→ Work instruction
Please repeat only the lines below starting at the line that holds "老舗お茶屋が手掛ける本格抹茶シェイクと、山形の恵みを生かしたフルーツシェイクを" and ending at the line that holds "acuminata | 30-11--0001 |", exactly, with both of those lines included and every picture omitted.

→ Records to use
[Start of section]

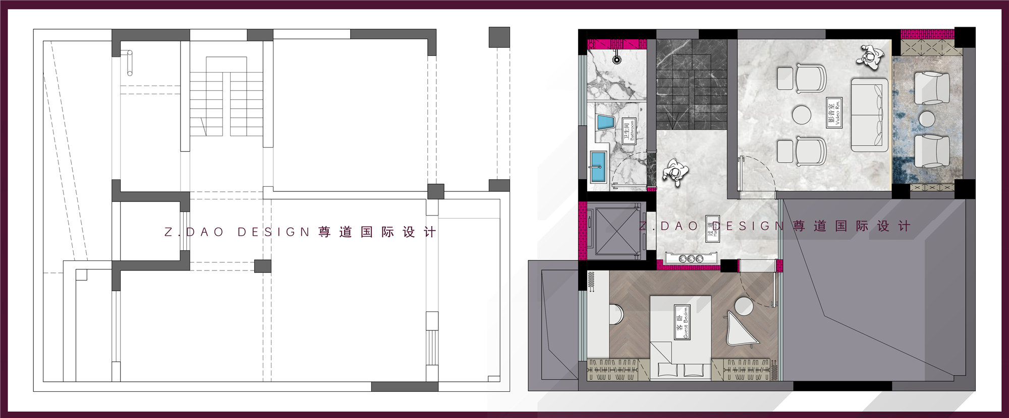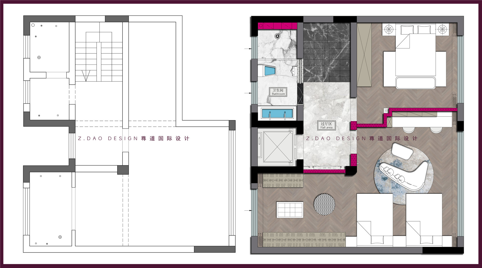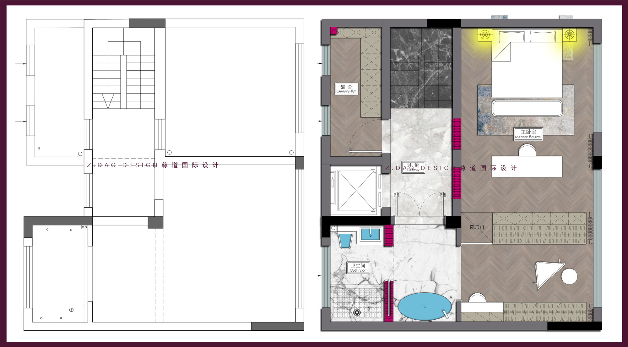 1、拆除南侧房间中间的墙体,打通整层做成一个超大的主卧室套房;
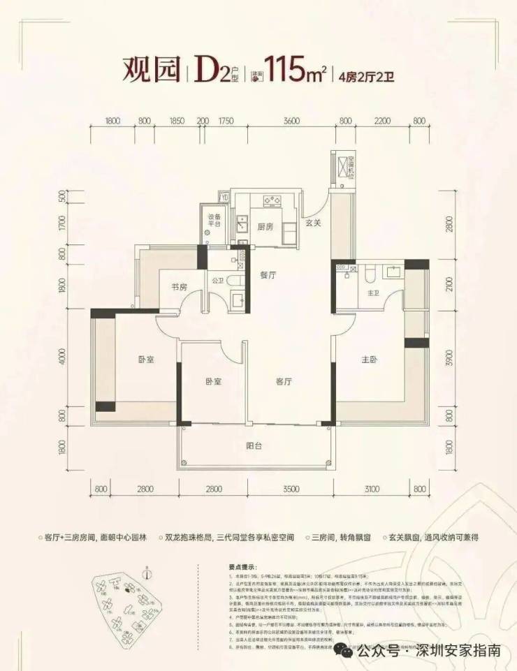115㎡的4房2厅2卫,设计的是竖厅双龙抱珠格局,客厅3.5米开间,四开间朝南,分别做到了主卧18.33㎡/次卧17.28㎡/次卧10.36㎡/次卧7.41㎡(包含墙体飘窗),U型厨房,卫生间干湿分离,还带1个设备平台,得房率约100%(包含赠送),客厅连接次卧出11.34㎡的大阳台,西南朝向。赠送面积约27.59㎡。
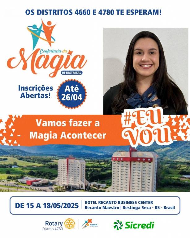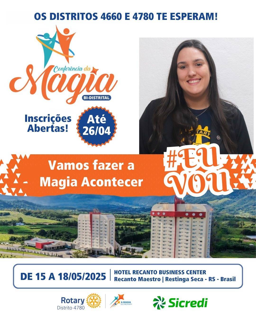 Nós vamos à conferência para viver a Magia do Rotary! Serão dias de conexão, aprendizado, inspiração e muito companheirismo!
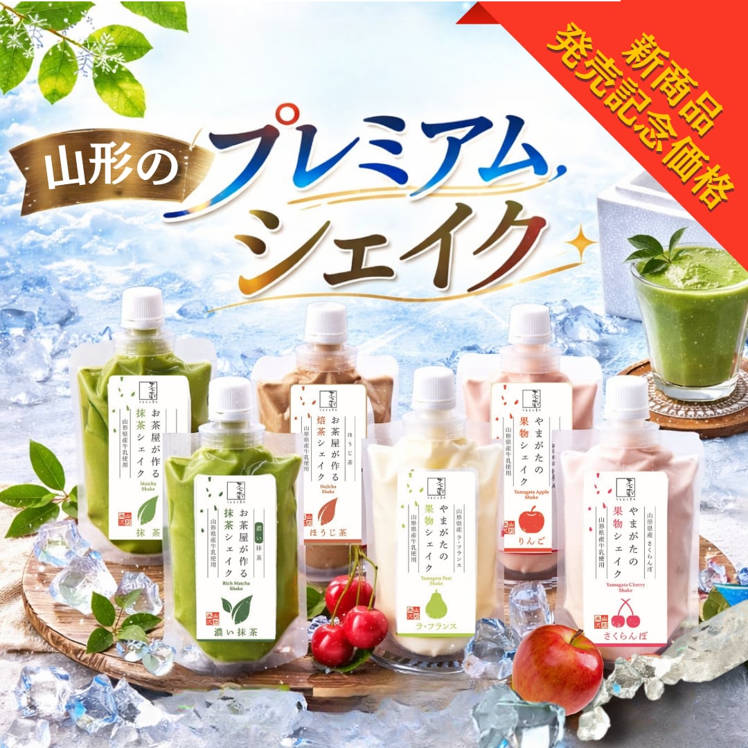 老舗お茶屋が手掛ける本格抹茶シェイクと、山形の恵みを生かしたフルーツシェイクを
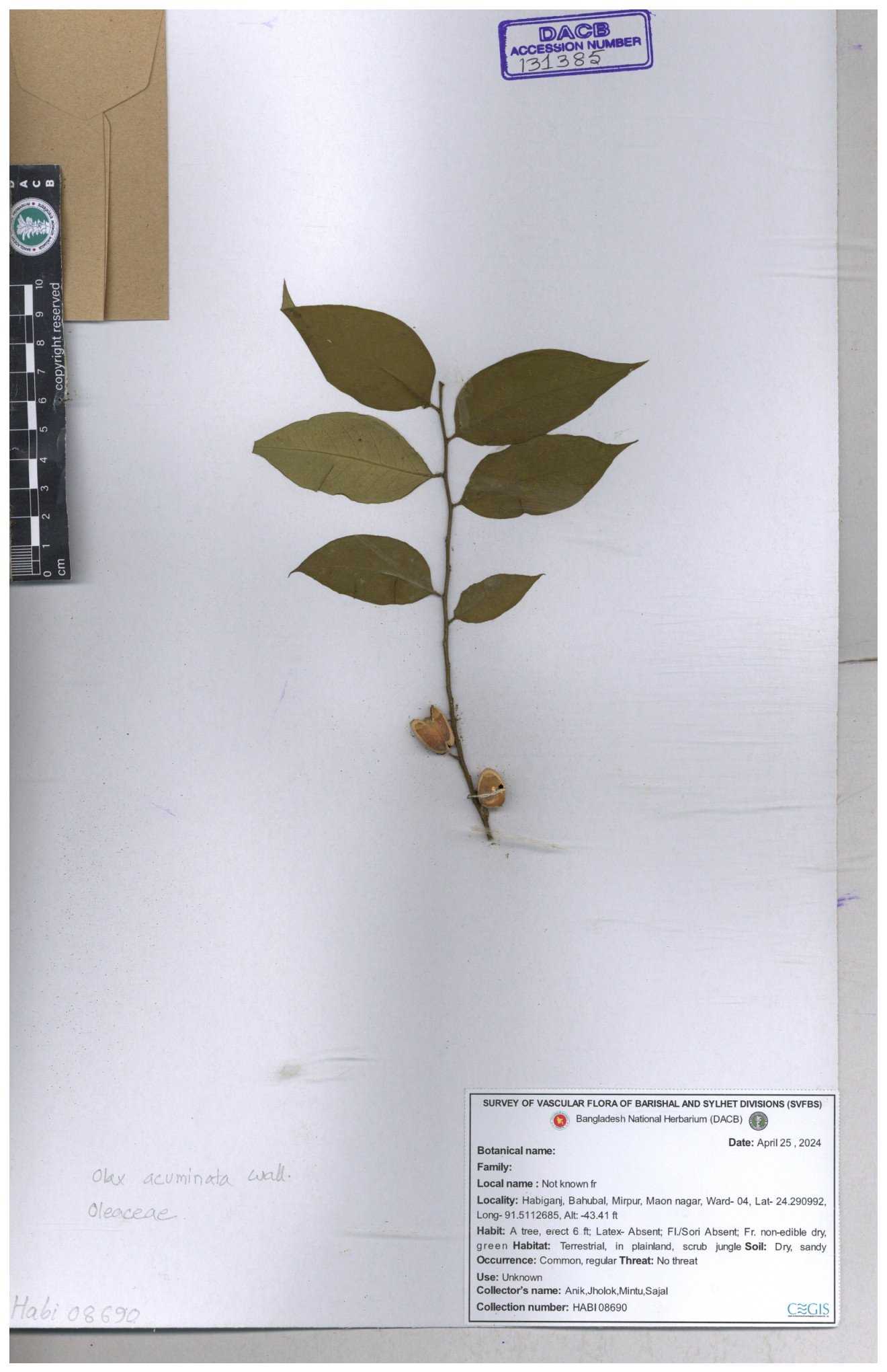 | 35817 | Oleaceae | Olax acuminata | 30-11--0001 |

[End of section]
[Start of section]

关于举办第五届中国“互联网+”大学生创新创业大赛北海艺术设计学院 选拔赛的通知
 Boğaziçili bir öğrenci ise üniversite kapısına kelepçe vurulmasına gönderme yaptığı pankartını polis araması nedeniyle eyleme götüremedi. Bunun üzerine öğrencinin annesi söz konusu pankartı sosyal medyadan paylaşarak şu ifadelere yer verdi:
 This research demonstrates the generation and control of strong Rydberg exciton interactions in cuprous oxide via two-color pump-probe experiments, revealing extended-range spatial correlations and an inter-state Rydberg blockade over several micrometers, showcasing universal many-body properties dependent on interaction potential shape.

[End of section]
[Start of section]

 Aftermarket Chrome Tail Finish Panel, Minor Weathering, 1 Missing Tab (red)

[End of section]

→ Task result
 老舗お茶屋が手掛ける本格抹茶シェイクと、山形の恵みを生かしたフルーツシェイクを
 | 35817 | Oleaceae | Olax acuminata | 30-11--0001 |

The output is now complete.